Task item: Where a picture appears in the data below, exclude it; restate everything else word for word.

*****

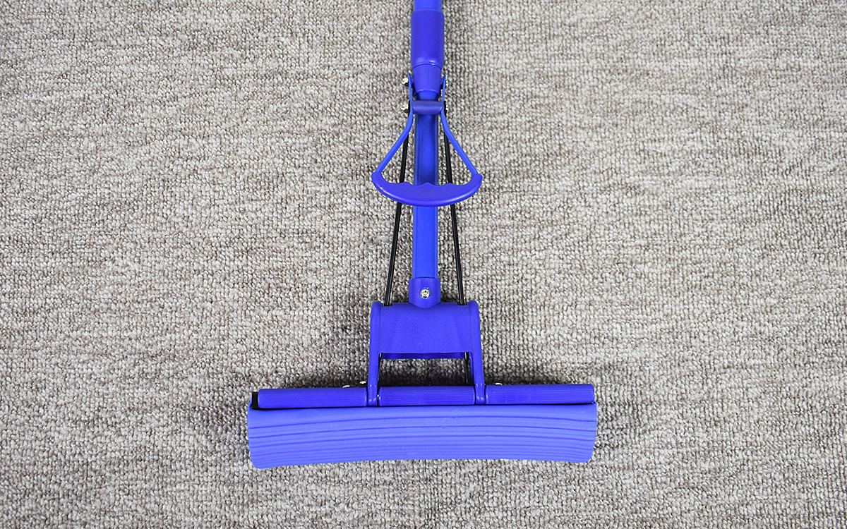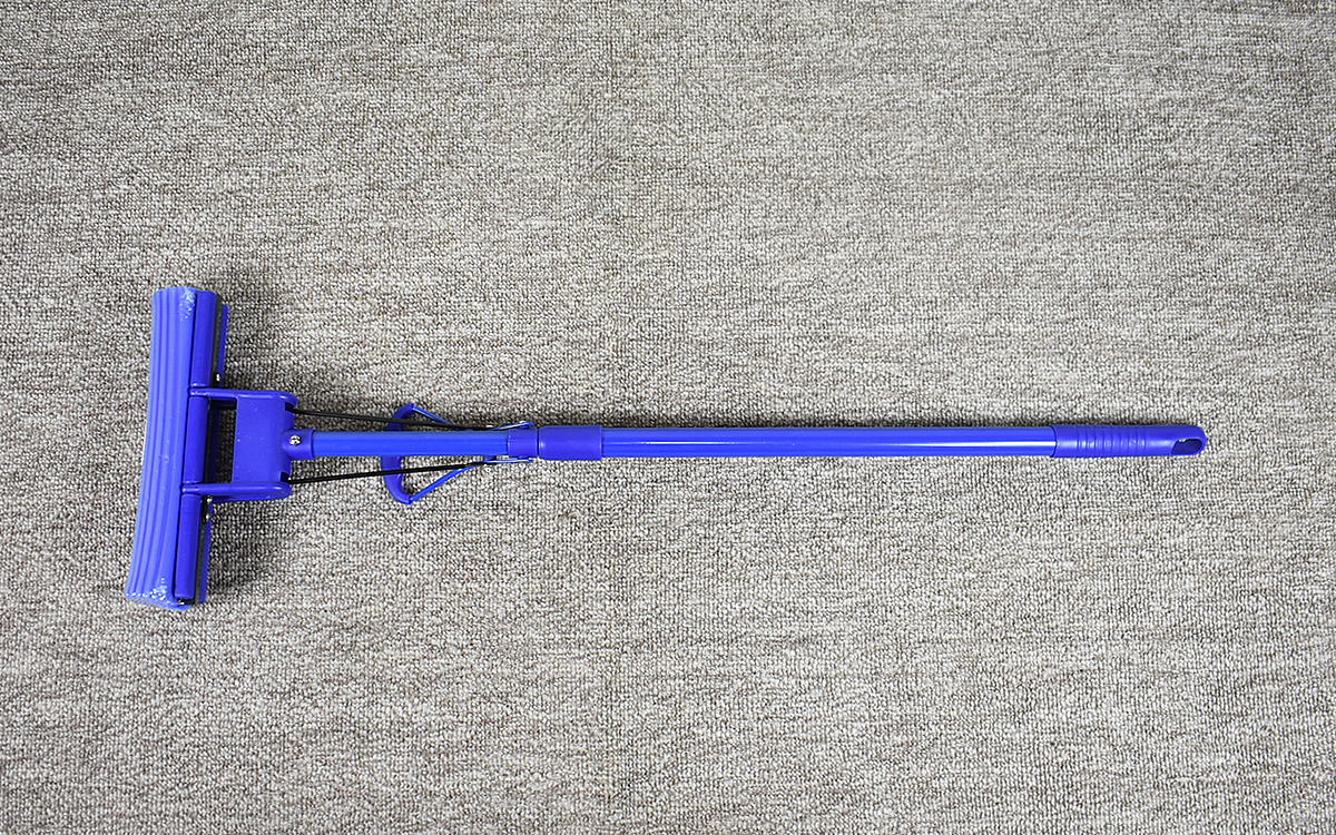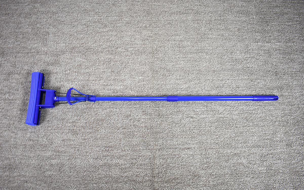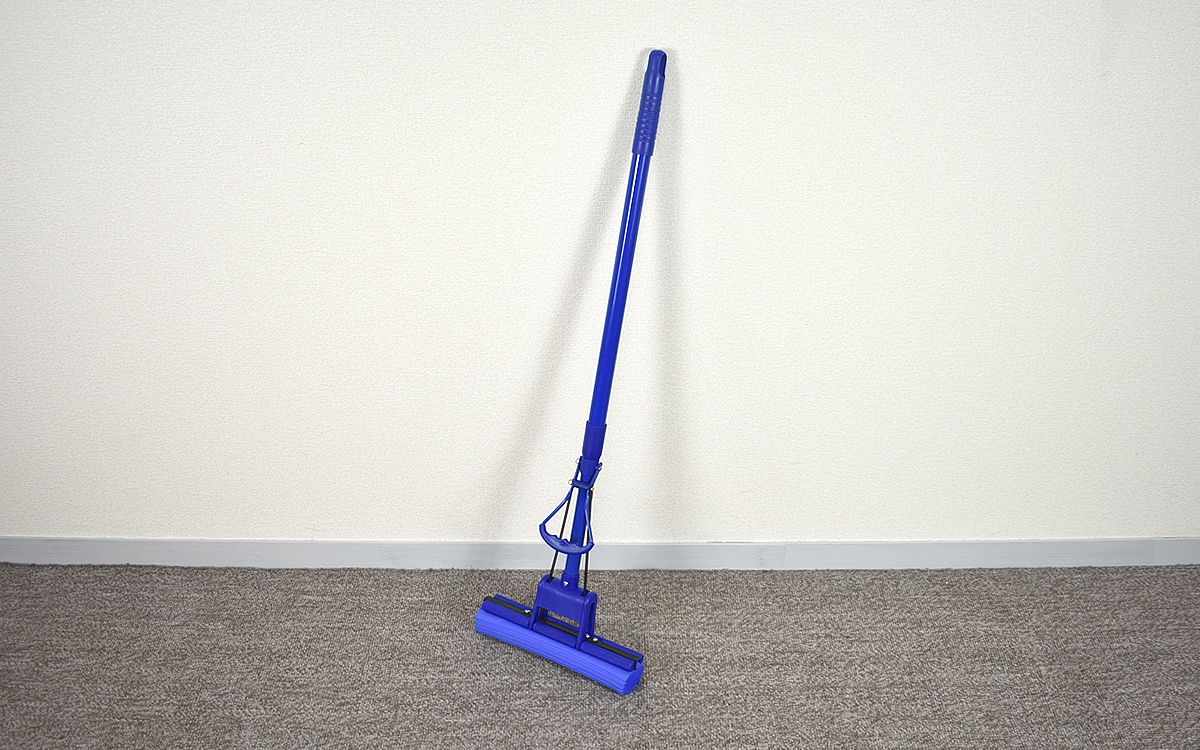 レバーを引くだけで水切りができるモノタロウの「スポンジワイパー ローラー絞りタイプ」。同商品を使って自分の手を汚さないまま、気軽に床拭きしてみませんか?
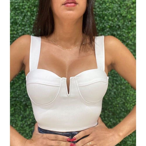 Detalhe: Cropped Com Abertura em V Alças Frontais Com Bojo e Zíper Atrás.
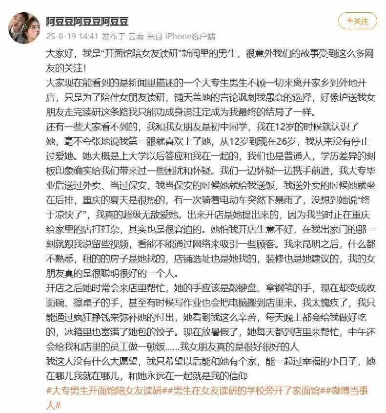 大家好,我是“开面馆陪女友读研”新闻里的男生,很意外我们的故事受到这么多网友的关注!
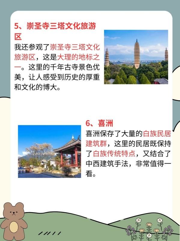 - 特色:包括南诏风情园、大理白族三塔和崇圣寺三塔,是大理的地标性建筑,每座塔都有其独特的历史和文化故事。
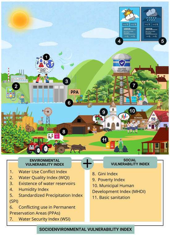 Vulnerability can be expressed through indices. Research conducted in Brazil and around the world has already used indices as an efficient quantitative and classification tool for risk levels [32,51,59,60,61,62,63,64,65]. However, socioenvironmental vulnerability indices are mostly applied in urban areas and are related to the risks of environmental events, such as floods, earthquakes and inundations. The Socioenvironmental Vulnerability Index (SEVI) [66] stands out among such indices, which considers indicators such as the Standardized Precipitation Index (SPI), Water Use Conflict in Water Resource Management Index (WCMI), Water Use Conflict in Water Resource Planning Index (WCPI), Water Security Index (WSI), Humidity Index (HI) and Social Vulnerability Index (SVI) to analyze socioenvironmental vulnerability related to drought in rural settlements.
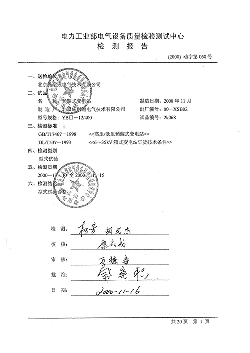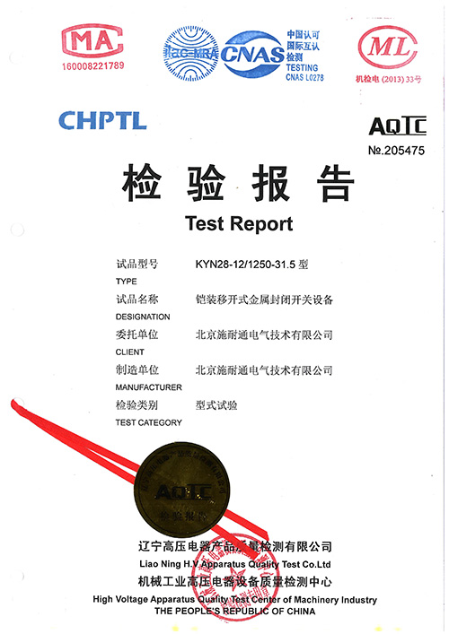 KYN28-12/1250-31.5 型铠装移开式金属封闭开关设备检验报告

*****

Your solution:
 レバーを引くだけで水切りができるモノタロウの「スポンジワイパー ローラー絞りタイプ」。同商品を使って自分の手を汚さないまま、気軽に床拭きしてみませんか?
 Detalhe: Cropped Com Abertura em V Alças Frontais Com Bojo e Zíper Atrás.
 大家好,我是“开面馆陪女友读研”新闻里的男生,很意外我们的故事受到这么多网友的关注!
 - 特色:包括南诏风情园、大理白族三塔和崇圣寺三塔,是大理的地标性建筑,每座塔都有其独特的历史和文化故事。
 Vulnerability can be expressed through indices. Research conducted in Brazil and around the world has already used indices as an efficient quantitative and classification tool for risk levels [32,51,59,60,61,62,63,64,65]. However, socioenvironmental vulnerability indices are mostly applied in urban areas and are related to the risks of environmental events, such as floods, earthquakes and inundations. The Socioenvironmental Vulnerability Index (SEVI) [66] stands out among such indices, which considers indicators such as the Standardized Precipitation Index (SPI), Water Use Conflict in Water Resource Management Index (WCMI), Water Use Conflict in Water Resource Planning Index (WCPI), Water Security Index (WSI), Humidity Index (HI) and Social Vulnerability Index (SVI) to analyze socioenvironmental vulnerability related to drought in rural settlements.
 KYN28-12/1250-31.5 型铠装移开式金属封闭开关设备检验报告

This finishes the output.